If you are a student, marketer, content creator, or small business owner who needs polished designs quickly — use Canva. It will save you hours and the results will look professional.
If you are a designer, working on a digital product, or need to collaborate with developers — use Figma. It is the tool the industry has standardised on for a reason. The learning curve is worth it if you are serious about design as a craft or career.
FAQ
Common questions.
Is Figma harder to learn than Canva?
Yes, significantly. Canva is designed to be usable by anyone within minutes — the drag-and-drop interface and template library handle the hard parts for you. Figma is a professional tool built for designers, and concepts like frames, auto layout, components, and constraints take real time to understand. Expect a few weeks of regular use before Figma feels natural.

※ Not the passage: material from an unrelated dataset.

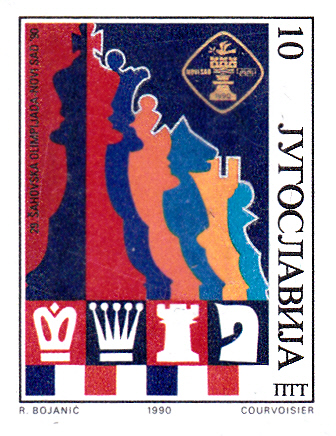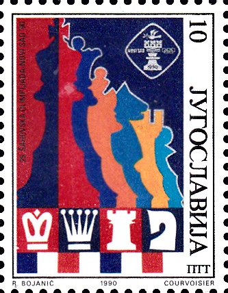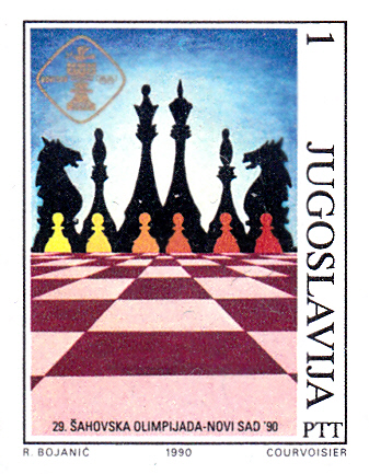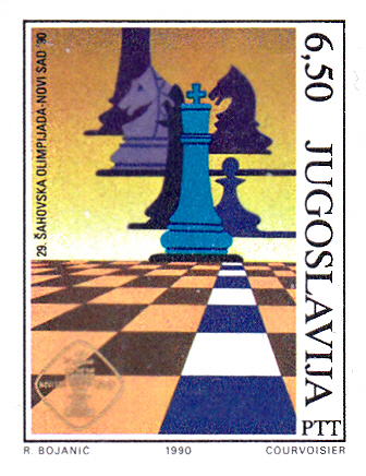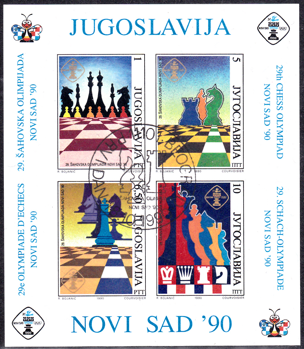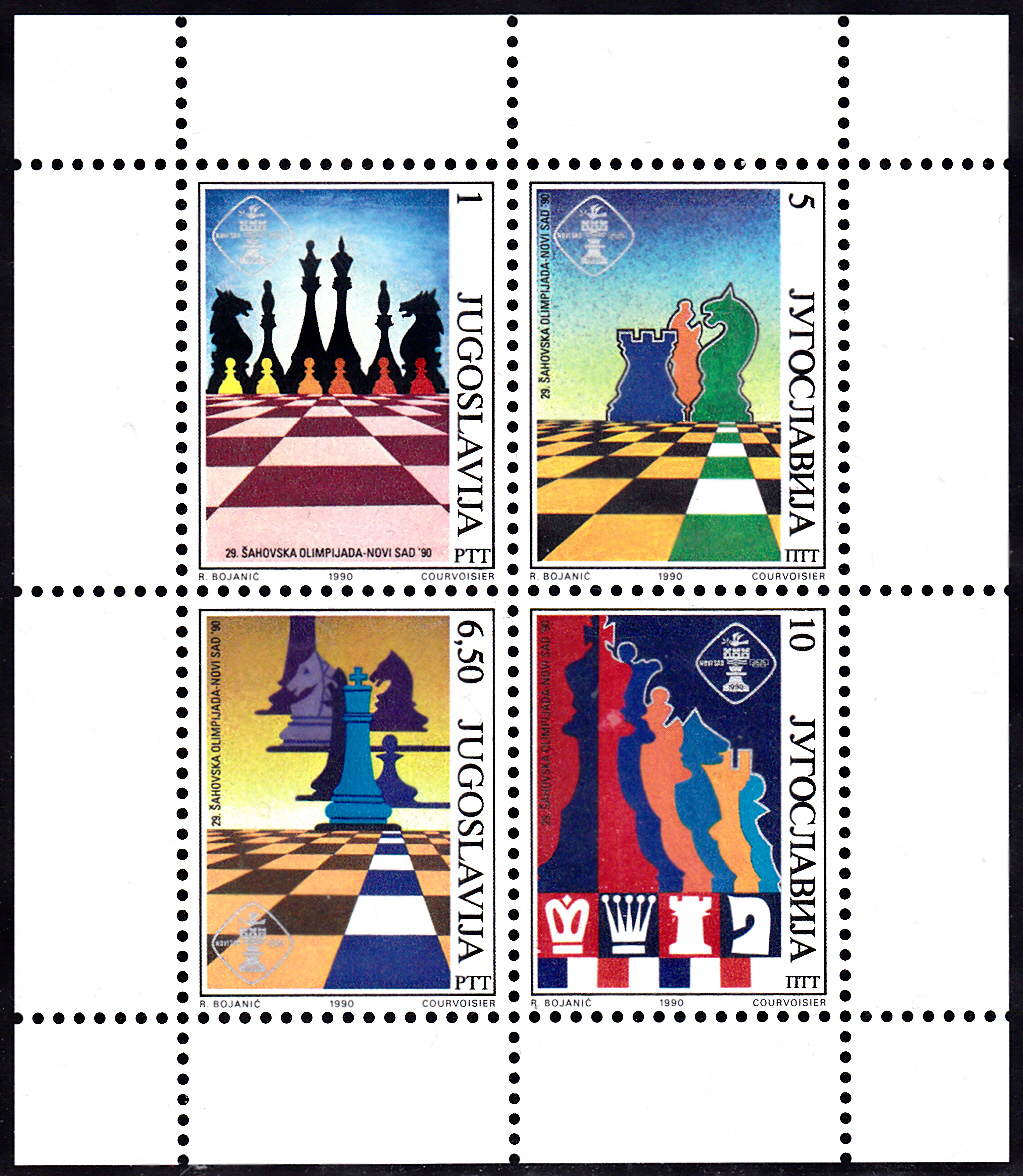Ich will heute mal bereits im Jahr 2015 von Matthias begonnene Vorstellung der Marken aus Jugoslawien zur Schach-Olympiade 1990 in Novi Sad vervollständigen. Gezeigt wurden bereits die Marken MiNr 2443 bis 2445. Heute ergänze ich hier eine vierte Marke (MiNr 2446) mit weiteren Schachfiguren.

Can I use Canva for UI design?
Technically yes, but you will hit limitations quickly. Canva lacks prototyping, developer handoff, design systems, and auto layout — all of which matter for serious UI work. You can use Canva to sketch an early concept or rough wireframe, but if you are building an actual product and handing designs to a developer, Figma is the right tool.
Which one has a better free plan?
Canva's free plan is considerably more generous. You get unlimited designs, access to most templates, and 5GB of storage without paying anything. Figma's free plan limits you to 3 active projects, which gets restrictive quickly for real project work. For casual use, Canva's free tier goes much further.
Do professional designers use Canva or Figma?
Most professional product and UX designers use Figma — it is the industry standard for designing digital products. Canva is used by marketers, content creators, and business owners who need design output without design expertise. Some designers use both: Figma for professional work and Canva for quick marketing tasks or client-editable deliverables.
Can Canva do everything Figma can?
No. Canva cannot create interactive prototypes, generate developer handoff specs, build component-based design systems, or handle the kind of precision work that digital product design requires. It is a different tool for a different job. Canva excels at making design accessible to non-designers. Figma excels at giving designers full professional control.
Which tool should a beginner learn first?
If you want to make graphics, social posts, and presentations — start with Canva. If you want to become a UI/UX or product designer professionally — start with Figma. The two tools serve genuinely different purposes, so the right answer depends on what you are trying to do, not which one is objectively better.
Both tools have generous free plans — there is no reason not to try them. Start with Canva if you want something working in 10 minutes. Start with Figma if you are building for a career in product design.